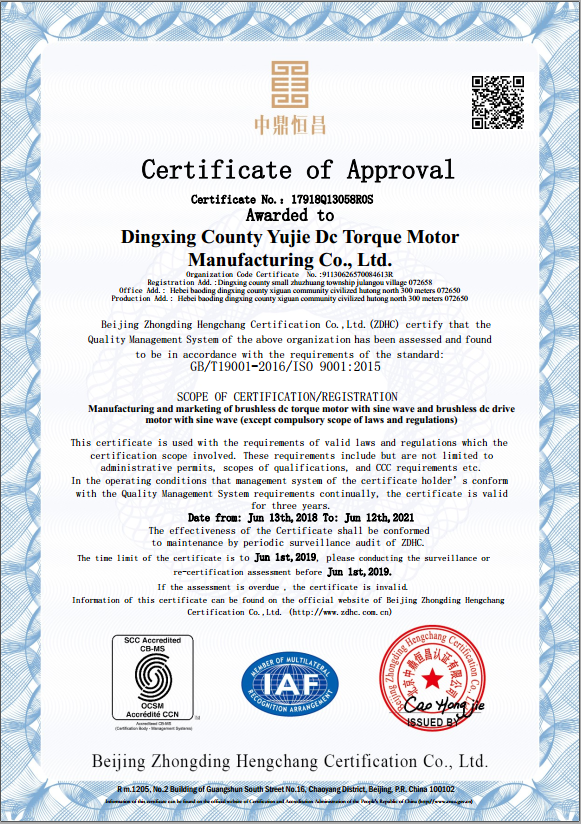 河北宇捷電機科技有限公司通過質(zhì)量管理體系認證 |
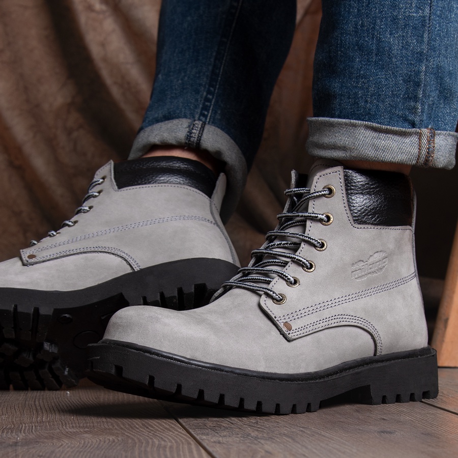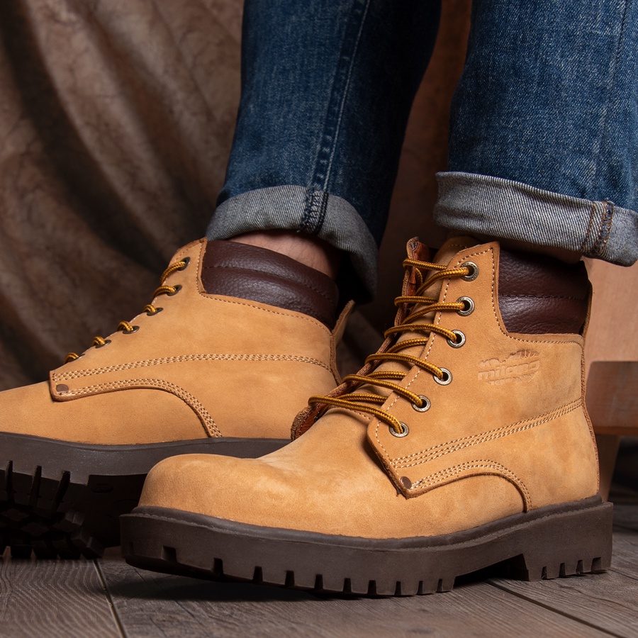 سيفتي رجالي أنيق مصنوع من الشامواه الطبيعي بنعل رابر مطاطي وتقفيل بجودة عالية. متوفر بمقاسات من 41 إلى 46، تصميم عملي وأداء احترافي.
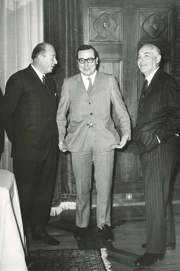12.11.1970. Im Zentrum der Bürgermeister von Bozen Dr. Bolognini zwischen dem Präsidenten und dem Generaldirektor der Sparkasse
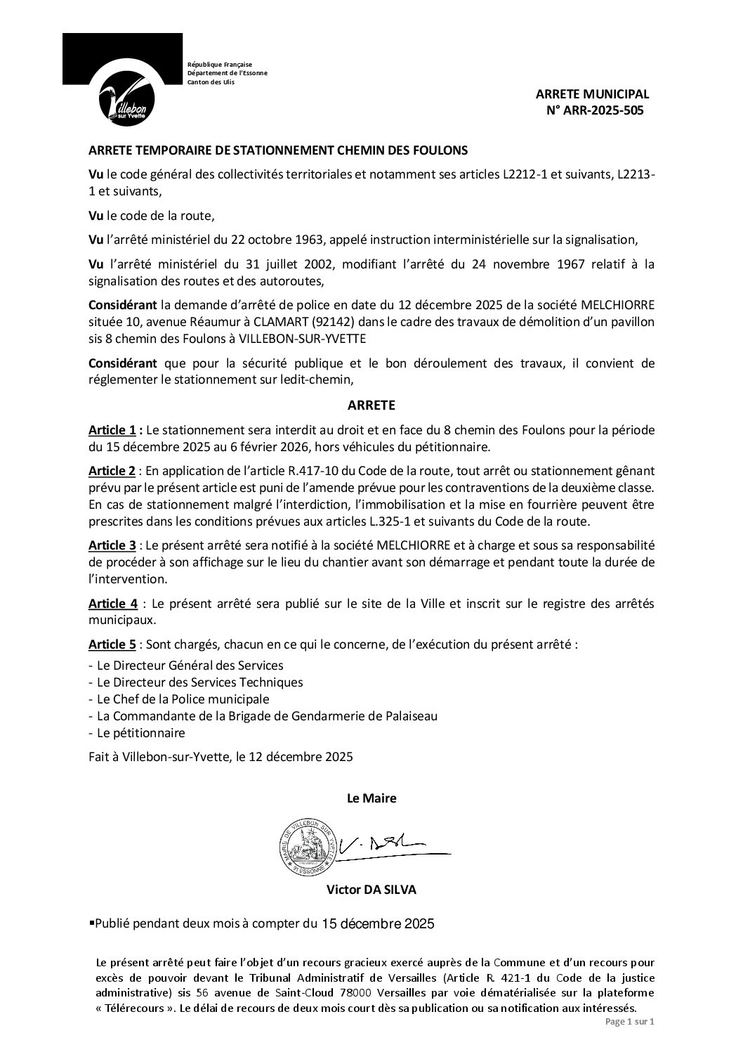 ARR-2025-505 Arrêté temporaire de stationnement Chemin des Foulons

---

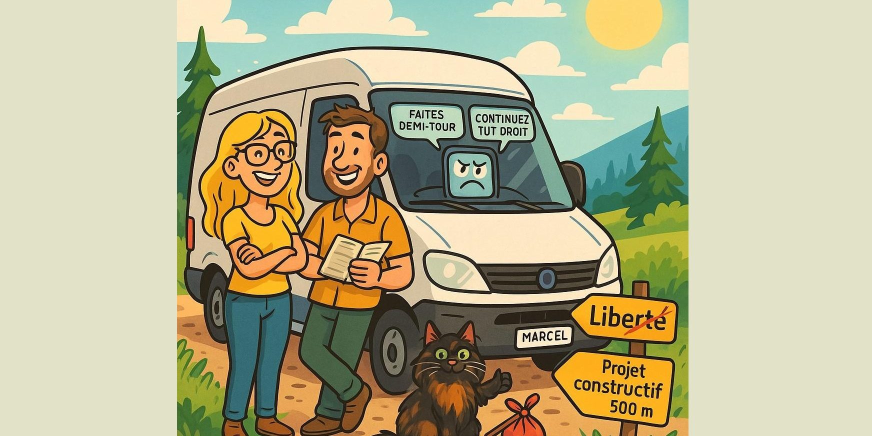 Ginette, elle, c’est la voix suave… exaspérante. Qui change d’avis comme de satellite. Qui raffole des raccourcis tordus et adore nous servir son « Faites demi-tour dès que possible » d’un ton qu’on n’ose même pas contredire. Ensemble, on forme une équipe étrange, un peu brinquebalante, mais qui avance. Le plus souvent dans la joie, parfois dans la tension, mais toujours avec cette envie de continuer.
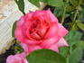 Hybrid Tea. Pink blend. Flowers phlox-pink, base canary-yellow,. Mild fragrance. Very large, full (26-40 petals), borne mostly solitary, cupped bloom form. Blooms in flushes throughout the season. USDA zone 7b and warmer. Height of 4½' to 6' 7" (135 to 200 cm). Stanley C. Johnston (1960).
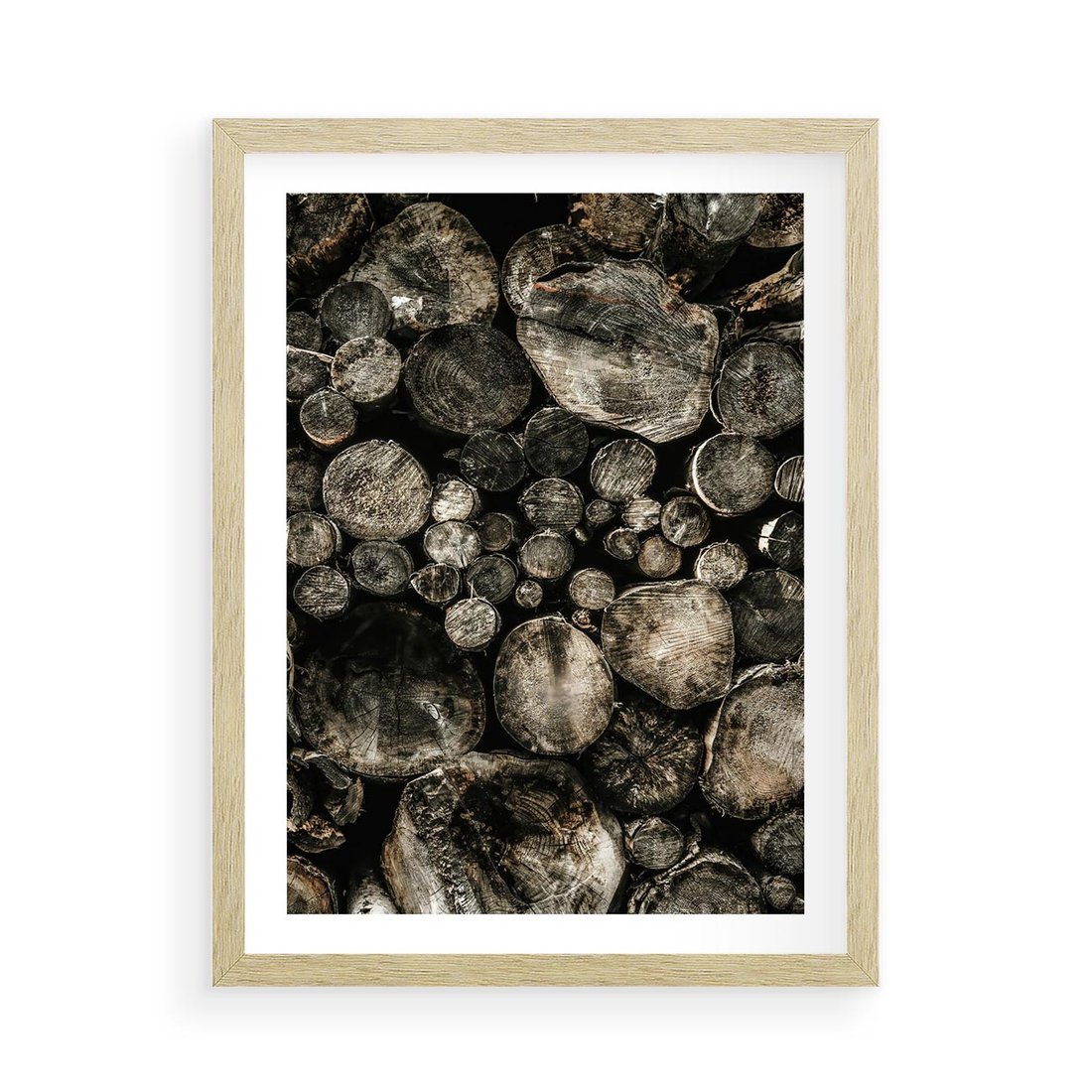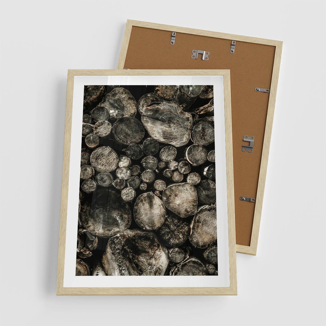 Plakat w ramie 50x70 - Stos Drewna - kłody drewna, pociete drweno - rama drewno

## Work request
If a picture sits between the line containing "Hybrid Tea. Pink" and the line containing "Plakat w ramie", leave it out, and return the lines of that range above exactly, both ends included.

## Response to this task
 Hybrid Tea. Pink blend. Flowers phlox-pink, base canary-yellow,. Mild fragrance. Very large, full (26-40 petals), borne mostly solitary, cupped bloom form. Blooms in flushes throughout the season. USDA zone 7b and warmer. Height of 4½' to 6' 7" (135 to 200 cm). Stanley C. Johnston (1960).
 Plakat w ramie 50x70 - Stos Drewna - kłody drewna, pociete drweno - rama drewno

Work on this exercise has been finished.